Battery Replacement

The traction battery of our Prius needs to be replaced. The main problem with the original battery is that there is no Battery Management System. There is only a battery monitoring function in the battery ECU. Furthermore, the energy density and cost of replacing the old battery make a lithium ion solution more desireable. It would also be nice to replace the battery ECU with a custom solution that can be scaled for larger capacity batteries.

Initially we will repair the current battery with new modules and replace the battery ECU with our own custom one. Then we can use electric vehicle cells to replace the NiMH with Li-ion.

Original battery 🔋

The high voltage battery (also known as the traction battery) is a 201.6V NiMH battery composed of 28 modules (7.2V each), where each module is made of six individual 1.2-volt, 6.5 Ah Panasonic Prismatic NiMH cells.

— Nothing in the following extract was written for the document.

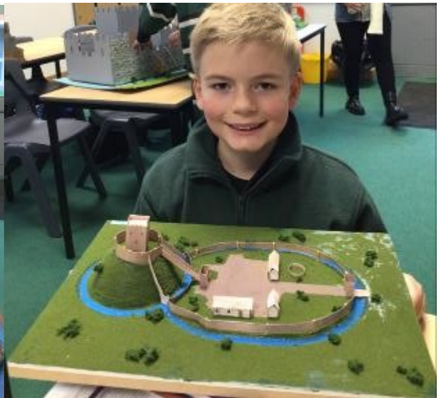
Castle Howard? No, Castle Kingswood!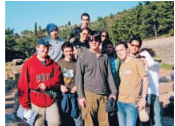
Left – Sixth Form pupils, including A Level Classics, students in the Stadium in Delphi. Right – In the Olympic Stadium in Olympia.

The 28 modules are connected in series to produce a total energy storage capacity of 1.310kWh (201.6-volts × 6.5 Ah).

Total voltage:           201.6V
Total energy storage:    1.31kWh
Current output:          186A
Number modules:          28
Module voltage:          7.2V
Module energy:           46.8Wh
Module weight:           1030g
Module energy density:   45.44Wh/kg
Number cells per module: 6
Cell voltage:            1.2V
Cell energy:             7.8Wh

Battery modules: https://www.peve.jp/en/product/np2/ Breakdown of prius system: https://ur.booksc.eu/book/72082550/3d5351

Results of analysis 🧪

I looked into building a custom battery using three different types of cells 1) 18650s, 2) 21700s and 3) Nissan leaf pouch cells. Before I did this analysis, I wanted to build a custom battery from cylindrical cells, but we decided to repair the current battery and wait for when we transfer a second hand EV into the car. The main reasons for this are cost and manufacturing:

• Cost: The larger each subunit is, the better bang for your buck you get. For example, the nissan leaf cost per kWh is 37% cheaper than 18650s per kilowatt hour.
• Manufacturing: The nissan leaf cells can be bolted together and each cell contains more energy, so it much easier to build a large battery.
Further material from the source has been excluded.